#### DIRECTIONS
Exclude the images, then return every line below exactly as written.

#### DATA SHOWN
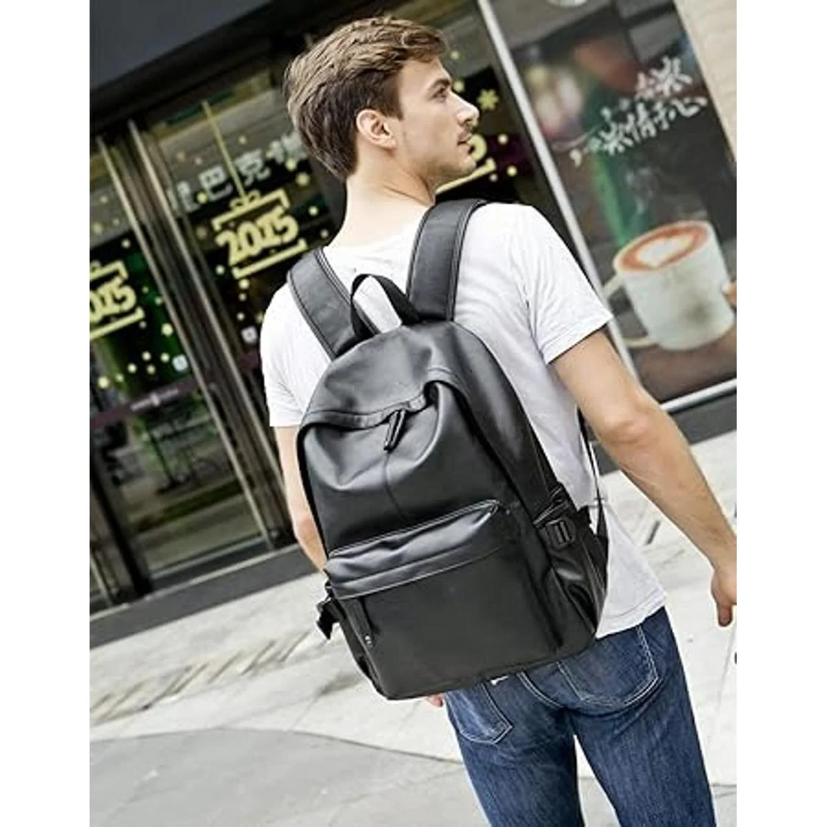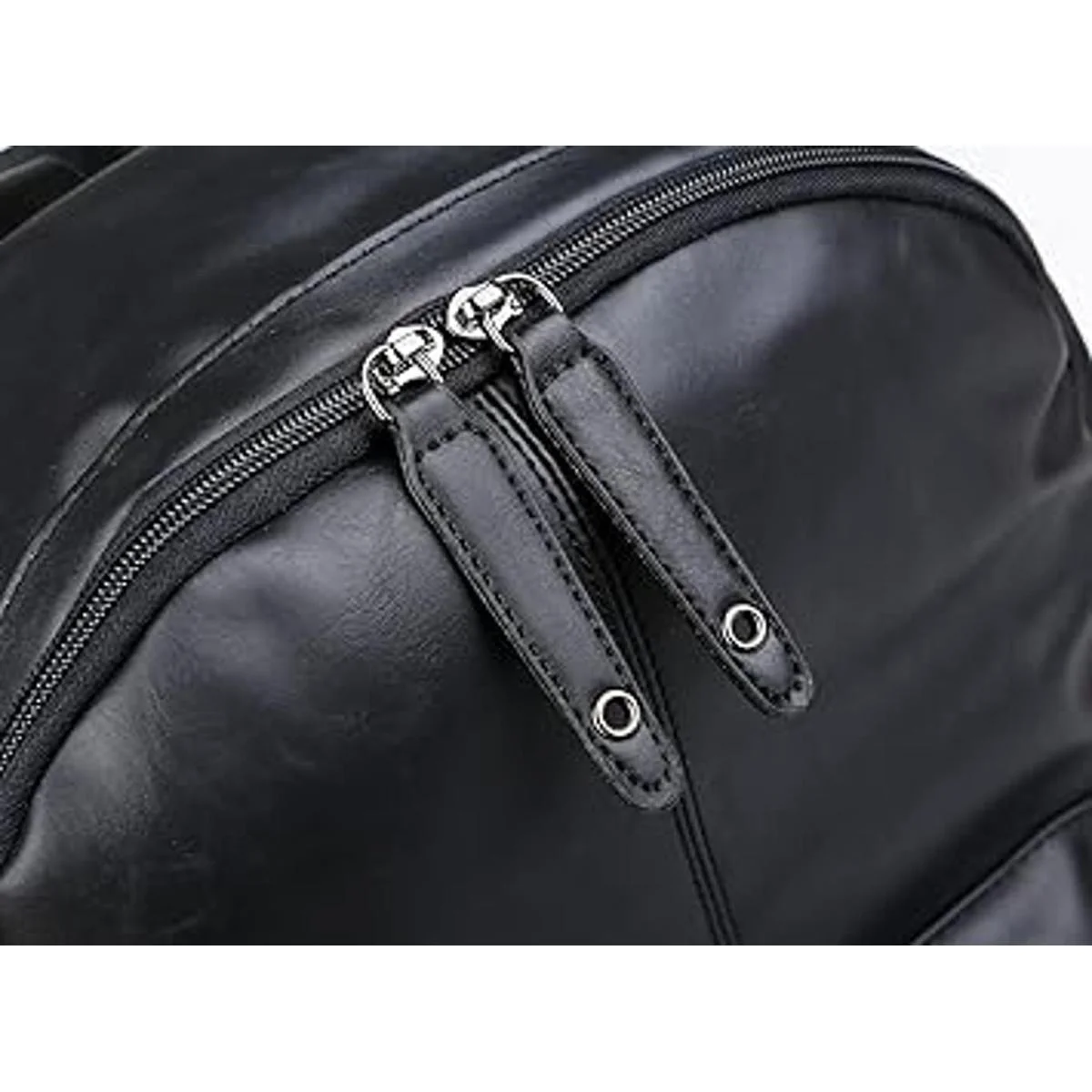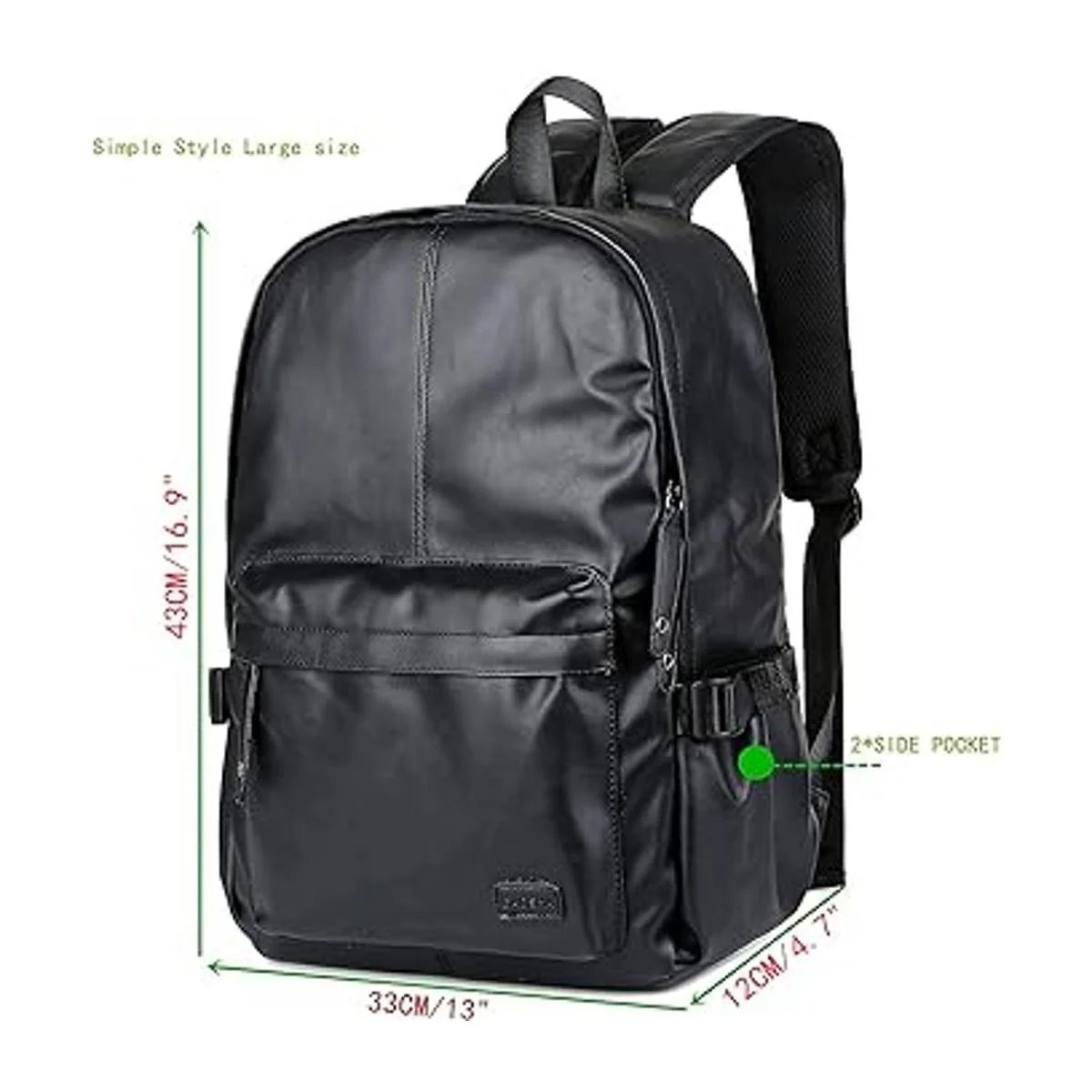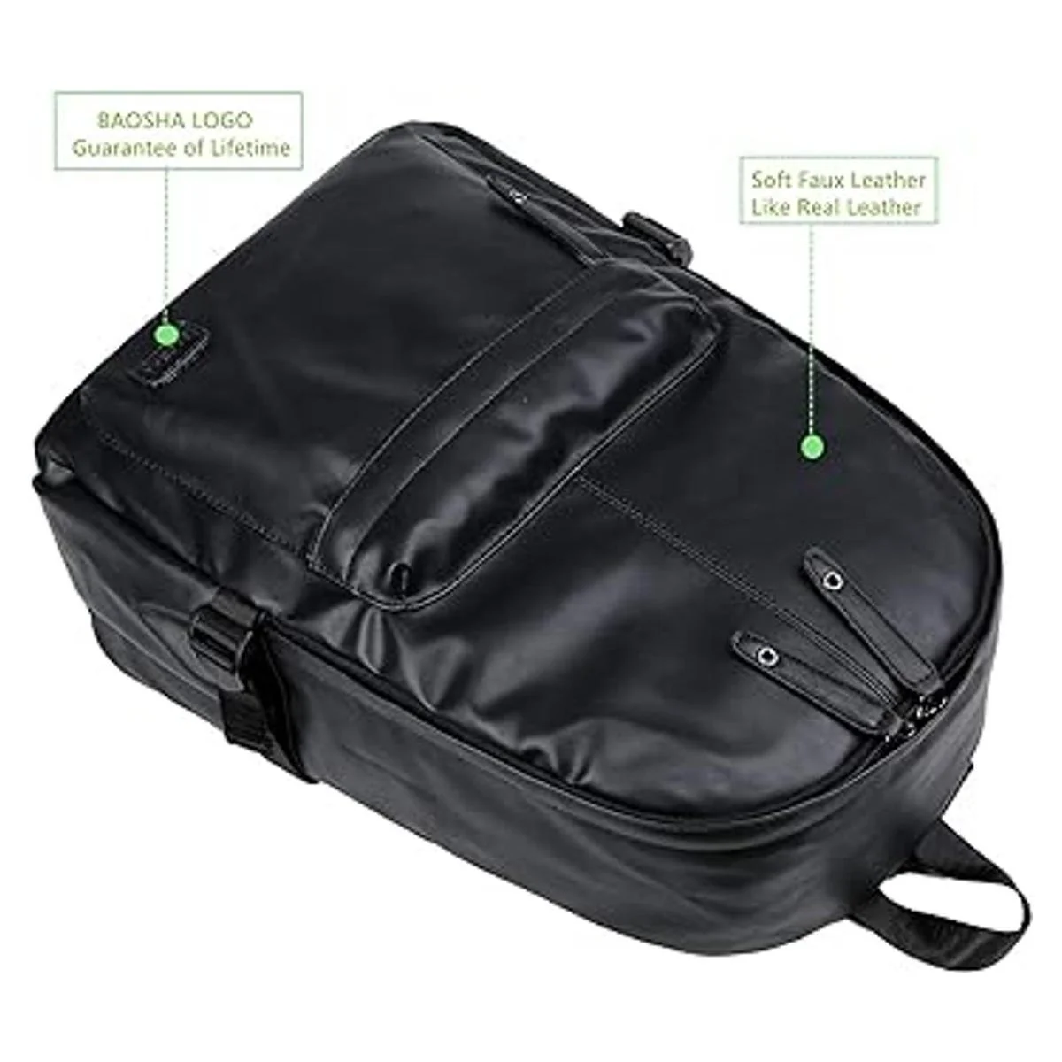 BAOSHA BP08 Bolsa unisex de piel sintética para computadora portátil de 15.6 pulgadas, mochila escolar universitaria, bolsas de hombro, mochila de viaje, senderismo, mochila casual, color negro, Negro, 12.9 x 18.1 x 6.2 pulgadas, Portátil
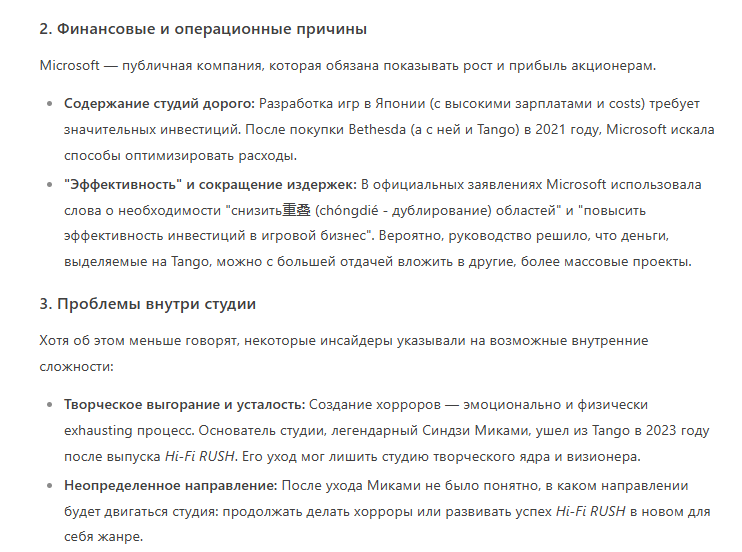 Как я уже сказал- ничего просто так не бывает. И если на то пошло, какие их заслуги? Посредственный Ивл визин ? Упоротый , много ожидаемый, а потом хрен пойми что Ghostwire? Т.е. если-бы они делали чисто СЛЭШЕРЫ под аля Хифу-раш, то тогда может и не было проблемы , а так создали 4 ИГРЫ за все время (а это около 10 лет) и чему-то тут удивляться. Ну и от ОТЦА Резидента ожидалось что-то (серьёзней), а в итоге видимо прощается шиза из-за Гениальности только одному ускоглазому -_- .
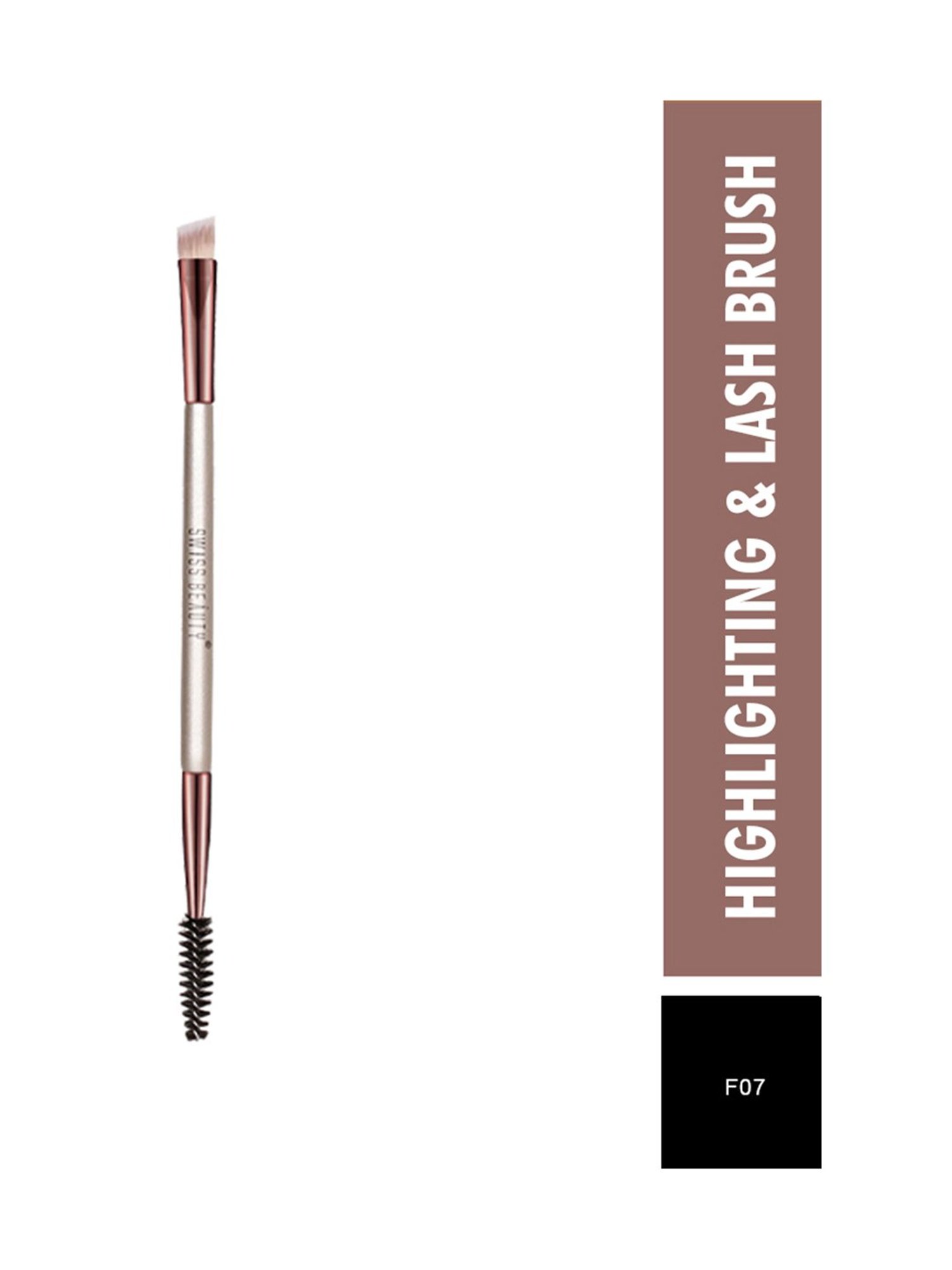 F07: Highlighting & Lash Brush: Spotlight your features! This precise highlighting brush has short and long bristles that work together to buff and blend highlighter, creating a lit-from-within glow. Lash Brush is a brush for separating the lashes as well as combing and grooming unruly eyebrows a professional tool for creating alluring eyes.

#### COMPLETED EXERCISE
 BAOSHA BP08 Bolsa unisex de piel sintética para computadora portátil de 15.6 pulgadas, mochila escolar universitaria, bolsas de hombro, mochila de viaje, senderismo, mochila casual, color negro, Negro, 12.9 x 18.1 x 6.2 pulgadas, Portátil
 Как я уже сказал- ничего просто так не бывает. И если на то пошло, какие их заслуги? Посредственный Ивл визин ? Упоротый , много ожидаемый, а потом хрен пойми что Ghostwire? Т.е. если-бы они делали чисто СЛЭШЕРЫ под аля Хифу-раш, то тогда может и не было проблемы , а так создали 4 ИГРЫ за все время (а это около 10 лет) и чему-то тут удивляться. Ну и от ОТЦА Резидента ожидалось что-то (серьёзней), а в итоге видимо прощается шиза из-за Гениальности только одному ускоглазому -_- .
 F07: Highlighting & Lash Brush: Spotlight your features! This precise highlighting brush has short and long bristles that work together to buff and blend highlighter, creating a lit-from-within glow. Lash Brush is a brush for separating the lashes as well as combing and grooming unruly eyebrows a professional tool for creating alluring eyes.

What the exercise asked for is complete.